Transmitting strings via tcp from a windows c++ client to a Java server

Discussion in 'Java' started by qqq111, Feb 19, 2006.

  1. qqq111

    qqq111 Guest

    Hi all,

    We have a C++ client which runs on Windows and that needs to transmit
    char* / wchar* strings to and from a Java server.

    The client should correctly handle both 'standard' languages & east
    languages (i.e. using wchar).

    Now, I'm sure there is a best practice for doing so , I just haven't
    found it yet :)

    My best bet would be always encoding the string in UTF-8 before
    it via the net, but I could be wrong.

    Your help will be highly appreciated.


    qqq111, Feb 19, 2006
    1. Advertisements

  2. qqq111

    Roedy Green Guest

    How about UTF-8 encoding? It handles all the 16 bit chars. It is
    reasonable efficient for American English using just 8-bit chars. It
    does not have an endian ambiguity.

    HTTP has heard of it and it tend to be an accepted encoding.

    You could use a 1 byte length byte giving either char or bytes
    insides Or you could use a Java-style big endian length field
    compatible with DataInputStream.readUTF

    Roedy Green, Feb 19, 2006
    1. Advertisements

  3. qqq111

    qqq111 Guest

    Hi Roedy,

    The only problem I have with UTF-8 is its poor supported in Windows.
    In fact, I did not manage to find Win C++ api that converts strings to

    My other thought was to use UTF-16/UCS-2 format, internally used by
    both Win (client) and Java (server), but as you have stated, there's
    the endian issue.

    BTW, your site is at a high position at my Java-best list :)

    qqq111, Feb 20, 2006
  4. qqq111

    Chris Uppal Guest

    The obvious options are:

    Use UTF-8.
    Advantages: Compact /if/ you send mostly ASCII text. Easily readable (for
    debugging) /if/ you send mostly ASCII text. No byte-order issues.
    Disadvantages: Consumes more bandwidth if you send mostly non-ASCII. Requires
    explicit en/de-coding on the Windows box (perfectly possible, but you have to
    write the code for it).

    Use: UTF16-LE
    Advantages: Compact in the cases where UTF-8 is not. Requires no special
    handling in the Windows code (since that's the native format for a wstring) and
    you always have to specify an encoding at the Java end so it makes no
    difference which encoding you use from the Java point-of-view.
    Disadvantages: Consumes more bandwidth if you send mostly ASCII text.

    Without knowing your requirements, I'd can't guess which option would be best
    for you, but I don't think any other options make sense.

    Some other points to consider.

    If you choose UTF8 then don't use or the
    corresponding write method They doesn't do what the method names suggest.

    If you choose UTF16-LE then you should consider whether a BOM (byte order mark)
    is forbidden, tolerated, or required by your protocol. Alternatively you could
    mandate merely UTF16 (either byte order) and /require/ a BOM -- that would give
    you flexibility if you anticipate creating non Windows clients (which I doubt).
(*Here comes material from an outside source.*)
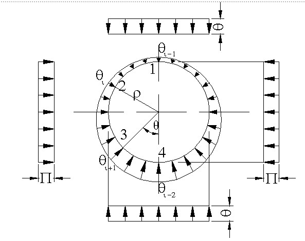 山本法计算原理在于圆环多铰衬砌环在主动土压和被动土压作用下产生变形,圆环由一不稳定结构逐渐转变成稳定结构,圆环变形过程中,铰不发生突变。计算假定: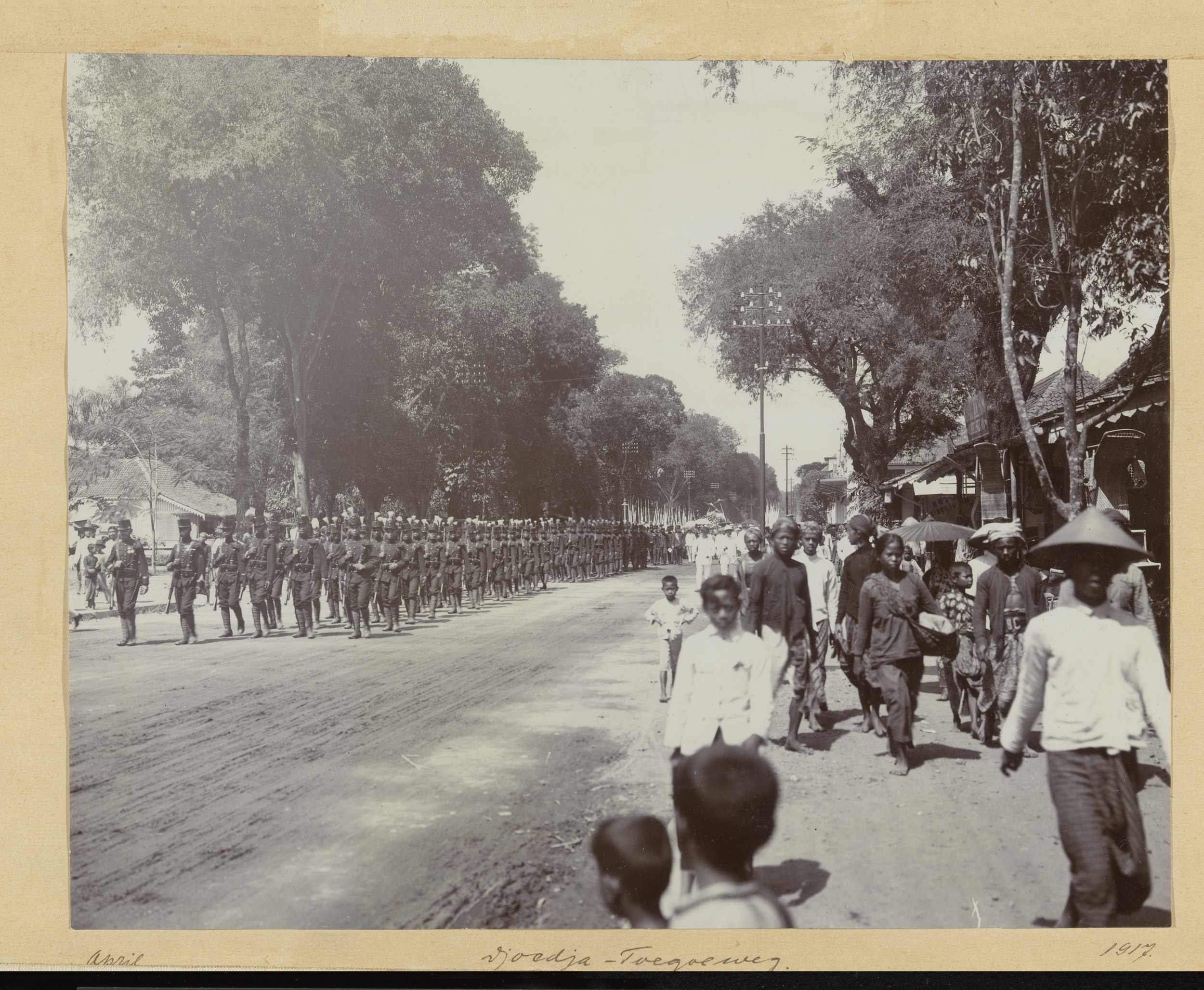 Deelnemers aan een rouwstoet, vermoedelijk in Jogjak...

    If you choose UTF8 then you should consider whether a BOM forbidden or
    tolerated by your protocol.

    If your choice between UTF-8 and -16 is significantly swayed by bandwidth
    considerations, then it might be worthwhile considering using zlib compression.
    Java already understands that, and it's easy to use the ZLIB1.DLL from Windows

    If your protocol is of the form:
    <character count><character data>
    then you should be very clear about what you mean by a "character", especially
    if you use UTF16 (where there may be more 16-bit wchars / Java chars than
    actual Unicode characters). Is the BOM (if any) included in the count ?

    -- chris
    Chris Uppal, Feb 20, 2006
  5. qqq111

    qqq111 Guest

    Very interesting input, Chris. It does seem
    that UTF-8 is the right way for us...
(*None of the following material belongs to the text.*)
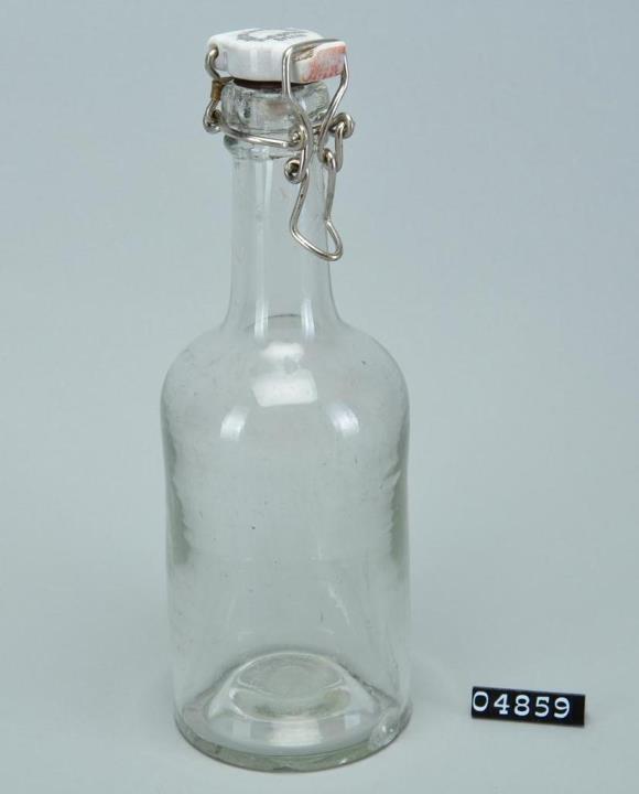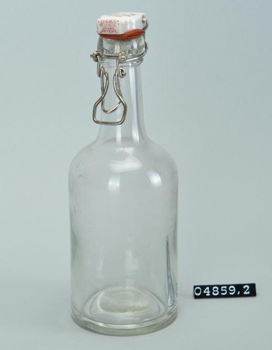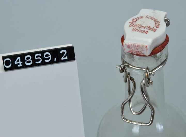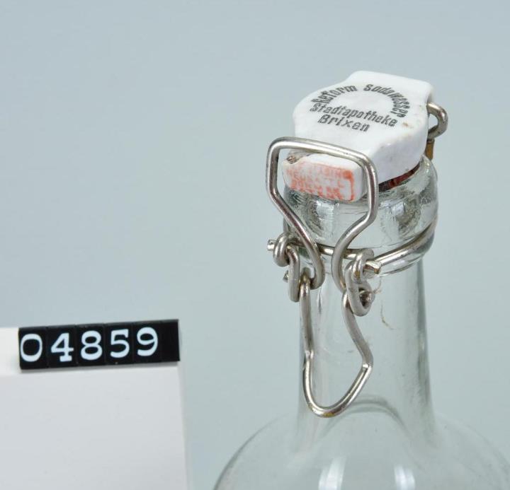 Farblose Enghalsflasche, langer Hals, aus Glas mit Klappverschluss ohne Prägung auf der Flaschenwand. Klappverschluss (Bügelverschluss) aus Porzellan mit Gummidichtung. Porzellanverschluss Oberseite mit Prägung: "Reformsodawasser Stadtapotheke Brixen" und Vorderseite der Nase: "A.G.F. Glasind. Neusattl Böhmen Patent"- 1877 ließ sich der aus Magdeburg stammende Hermann Grauel den Klappdeckelverschluss patentieren. Unter der Bezeichnung Seltersverschluss blieb er bis 1969 der vorherrschende Verschluss für Mineralwasser.

    1. Our data will mainly consist of ASCII text

    2. It turns out Windows does have an API for to/from UTF-8
    conversions. See WideCharToMultiByte -and-
    MultiByteToWideChar (code page s/b set to CP_UTF8)
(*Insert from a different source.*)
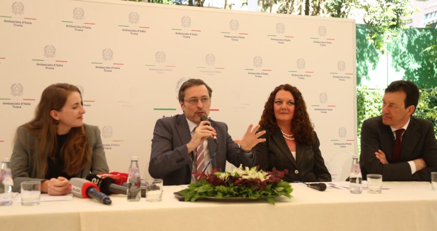 Ambasadori italian, Marco Alberti, në praninë e Zv Ministres së Ekonomisë, Kulturës dhe Inovacionit, Lira Pipa, drejtoreshës së ICE Tirana, Francesca Mondello dhe drejtorit të Institutit Italian të Kulturës , Alessandro Ruggera, prezantoi programin e bazuar në tre koncepte, E ardhmja, Bashkëpunimi dhe Ndërveprimi.

    3. Our system does not use DataInputStream, but rather:

    4. Each of our msgs is indeed preceded by a length field
    (as fixed-size text field). Length is measured in Java
    characters and dup by 2 to obtain size in bytes

    5. The BOM issue is, frankly, news to me. If I limit myself to
    UTF-8 strings only, and stick to standard Win/Java api at
    both client & server end, do I need to worry about BOM ?

    Thanks in advance,

    qqq111, Feb 21, 2006
  6. qqq111

    Chris Uppal Guest

    But first a request. /Please/ follow Usenet etiquette and say who you are
    replying to and quote selectively from the post as you reply. Normally I just
    ignore people who don't follow "The Rules"; I'm making an exception in this
    case on a whim ;-)

    That algorithm will not give you the size in bytes of a UTF-8 encoded string.
    There is no way to compute the length of the UTF-8 encoding of a Unicode
    sequence that does not involve scanning every character. The easiest thing, of
    course, is just to let the platform do the encoding and then transmit the
    length of the resulting byte array. If you want to calculate the length
    yourself, then it's a bit messy -- the main problem is that in Java or Windows
    the input data is encoded as UTF-16 so you have to undo that encoding and then
    re-encode the result as UTF-8. Not especially difficult, but more work than
    you might expect if you are used to relying on strlen() and the like.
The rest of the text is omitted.